WASHINGTON STATE – For Washington residents, getting help from state government could soon become easier and more secure, thanks in part to increased use of artificial intelligence.
Early next year, the state will launch the first public version of a new Resident Portal as part of a redesigned and expanded wa.gov. It will give people a single place to sign in and find and use online services across state agencies.
Officials say the goal is to save time, reduce frustration and make government work more like private sector sites like Amazon, but with public accountability at the center.
In an interview on TVW’s “Inside Olympia,” Washington’s chief technology officer, Gretchen Peri, called the effort “an exercise in efficiency and effectiveness,” adding that government must “constantly look to strike” this balance on behalf of the public.
The rollout will be phased.
A pilot completed this past June tested a personal profile, AI chatbots and tailored service recommendations, for things like professional license renewals, social services, cash benefits and assistance with employment, higher education and workforce training.
A statewide rollout began the next month, with the first public version planned for early 2026 as the state retires its older Secure Access Washington login system. The state expects to add agencies and features through 2029.

The project builds on more than 25 years of digital government. Washington launched Access Washington in 1998, one of the nation’s first government web portals, to help people find services online.
The new Resident Portal comes with technologies that help deliver on that original promise, with tools designed for cellphone users. Instead of navigating hundreds of agency sites and logins, residents will use a single connected system spanning more than 140 agencies.
Chief Privacy Officer Katy Ruckle, also appearing on “Inside Olympia,” told host Austin Jenkins the portal’s success depends on maintaining public trust.
“Security is how we’re protecting the data,” she said. “Privacy is really thinking about the ‘what’— what data are we collecting, and for what reasons do we need it?”
Her office has set new guardrails to ensure agencies limit what they collect and use it responsibly. She and Peri are developing a statewide framework to guide how agencies deploy automated tools, while aligning with the state’s privacy principles.
In practice, they say responsible AI means using automated tools carefully and transparently, ensuring they serve the public good, protect privacy and include clear human oversight. The focus is fairness, accountability and limiting data use to specific, lawful purposes.
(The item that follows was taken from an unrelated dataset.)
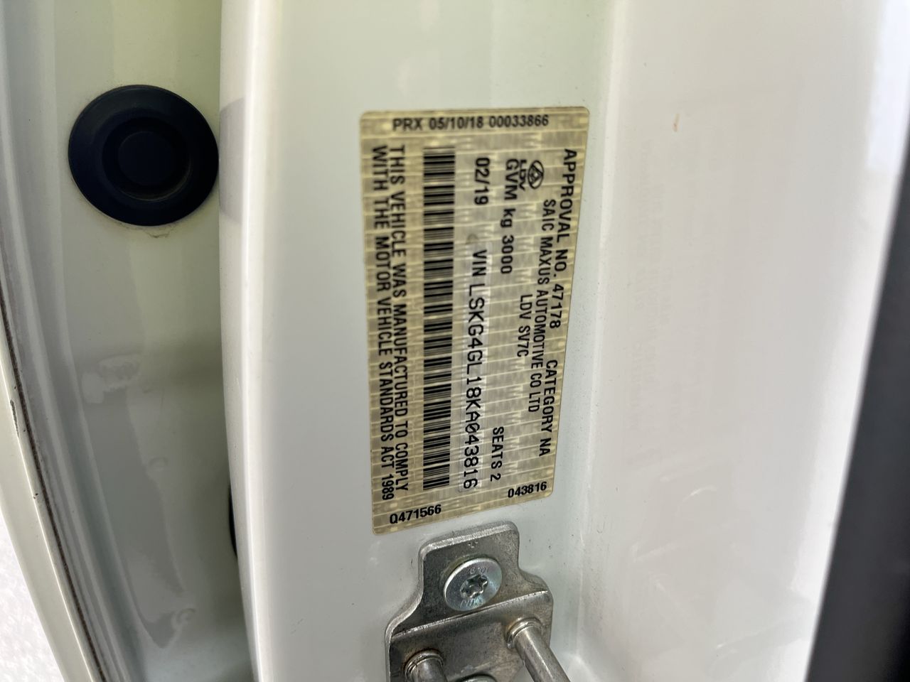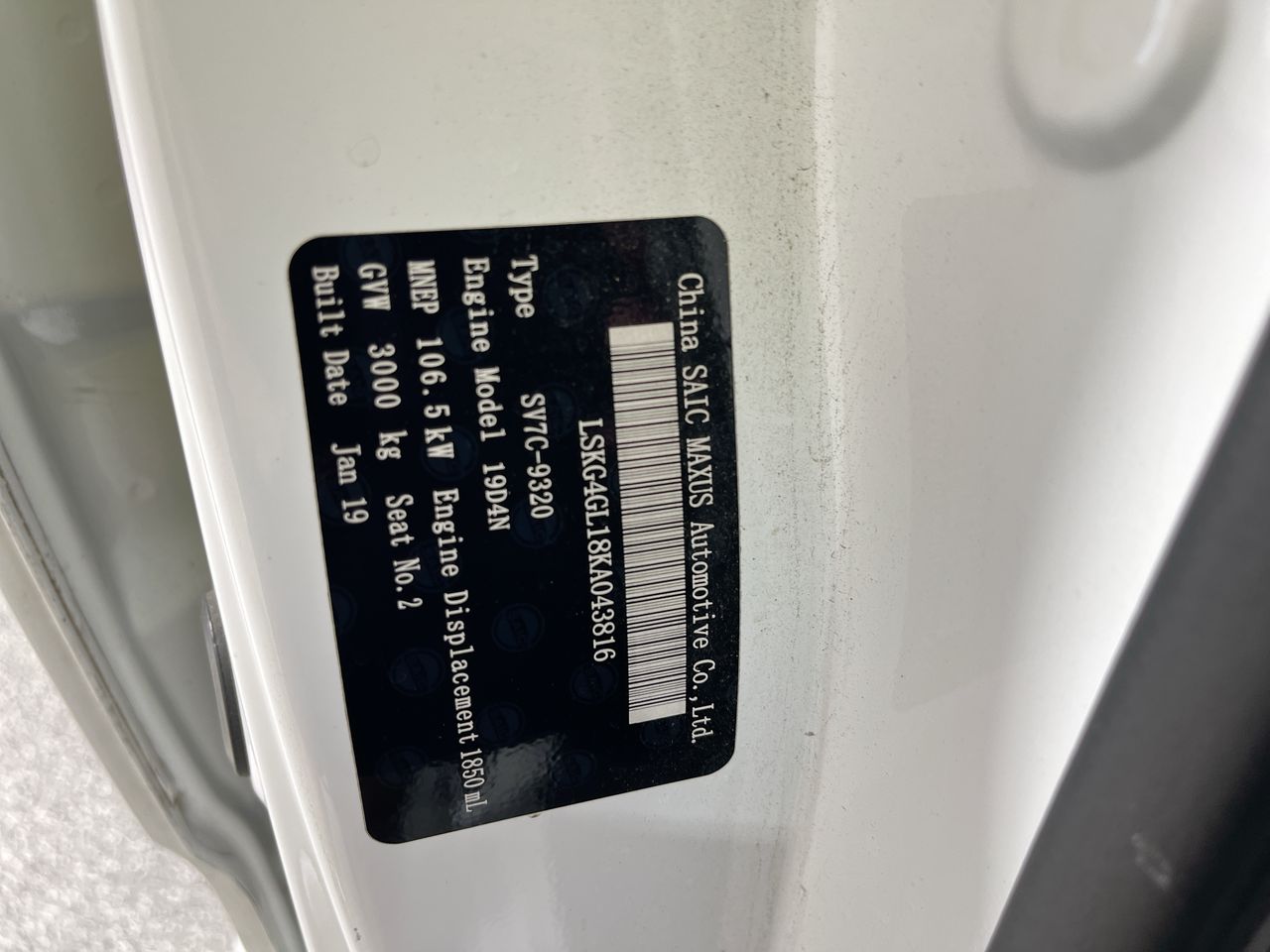 • VIN: LSKG4GL18KA043816

Some applications are straightforward: AI is already helping people navigate government. The Department of Licensing uses a public-facing chatbot named DOLLY on its website to answer customer questions.
At the Department of Commerce, an internal chatbot pilot is making regulatory and compliance work more efficient, allowing expert staff to focus on more complex and substantive tasks instead of manually reviewing documents.
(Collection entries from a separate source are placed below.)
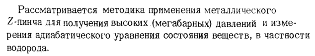 Рассматривается методика применения металлического Z-пинча для получения высоких (мегабарных) давлений и измерения адиабатического уравнения состояния веществ, в частности водорода,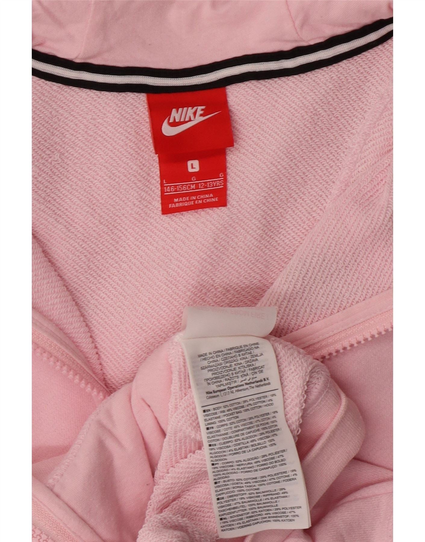 NIKE Girls Zip Hoodie πουλόβερ 12-13 ετών μεγάλο ροζ βαμβακερό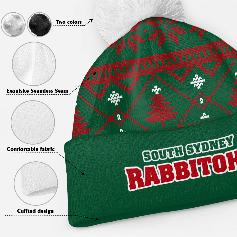 South Sydney Rabbitohs Bobble Beanie Hat Merry Christmas Game Ready Team Knit Edition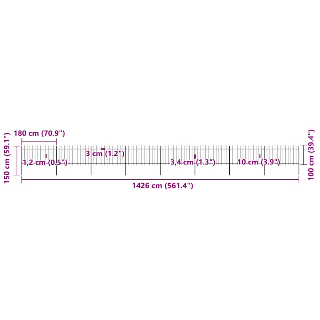 Gard de grădină cu vârf tip suliță din oțel 1426x100 cm, negru GartenMobel Dekor

Ruckle said piloting and implementing chatbots is done with careful human supervision to ensure privacy, security and accuracy. Some applications raise fewer privacy questions, she said, such as AI trained to identify fish species from underwater video. Unlike people and their data, she noted, “the rockfish just doesn’t care.”
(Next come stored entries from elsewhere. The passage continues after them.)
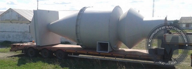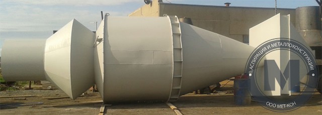 Циклон изготовлен из нержавеющего черного металла, швы проварены сплошным способом. Патрубки оснащены фланцами для подсоединения воздуховодов. Оптимальная скорость воздушного потока на входном патрубке составляет от 14 до 18 м/с. Вентилятор может устанавливаться как перед циклоном, так и после него.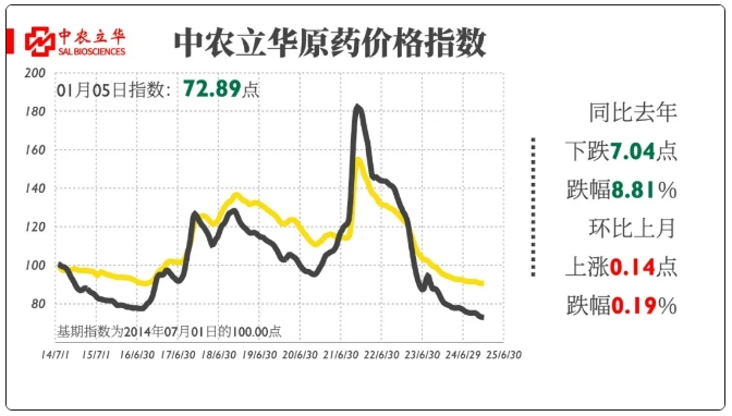 2025年1月5日,中农立华原药价格指数报72.89点,同比去年下跌8.81%,环比上月上涨0.19%。跟踪的上百个产品中,同比去年63%产品下跌;环比上月84%产品持平,4%产品上涨。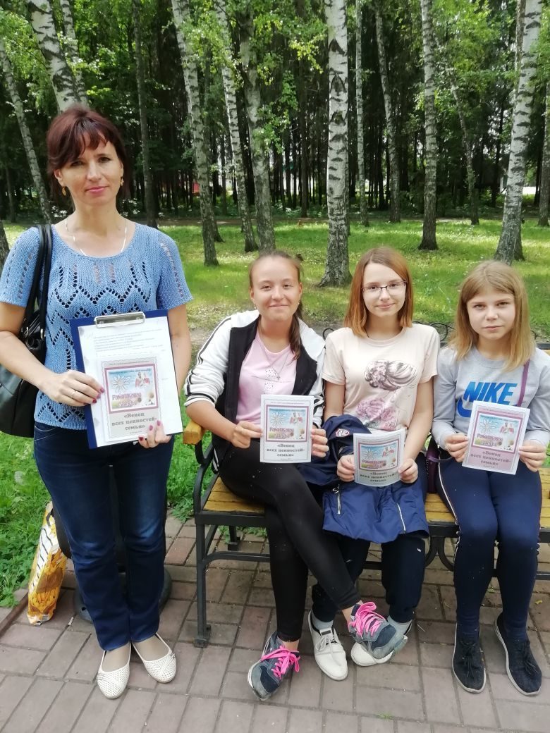 В этот день работники Дубенской районной библиотеки провели уличную акцию «Ромашковое счастье». Жителей села поздравили с Днем семьи, любви и верности, еще раз напомнили историю праздника, рассказали о его символах и традициях, раздавали им дайджесты «Венец всех ценностей – семья». Прохожие отвечали на вопросы, как они понимают, что такое семья, рассказывали о своих семейных традициях.

The portal’s evolution comes on the heels of an executive order from Gov. Bob Ferguson directing agencies to improve how they serve residents.
“The time is right for us to actually understand where we are today, where we want to be, and then prioritize the initiatives that are going to get us there,” Peri said.
This article was first published by TVW, a media nonprofit that provides comprehensive coverage of state government. TVW broadcasts unedited gavel-to-gavel coverage on statewide cable and at tvw.org, and produces original current affairs and education shows, including Inside Olympia and The Impact. TVW’s mission is to give Washingtonians access to their state government, increase civic access and engagement, and foster an informed citizenry.
Washington State Standard is part of States Newsroom, a nonprofit news network supported by grants and a coalition of donors as a 501c(3) public charity. Washington State Standard maintains editorial independence. Contact Editor Bill Lucia for questions: info@washingtonstatestandard.com.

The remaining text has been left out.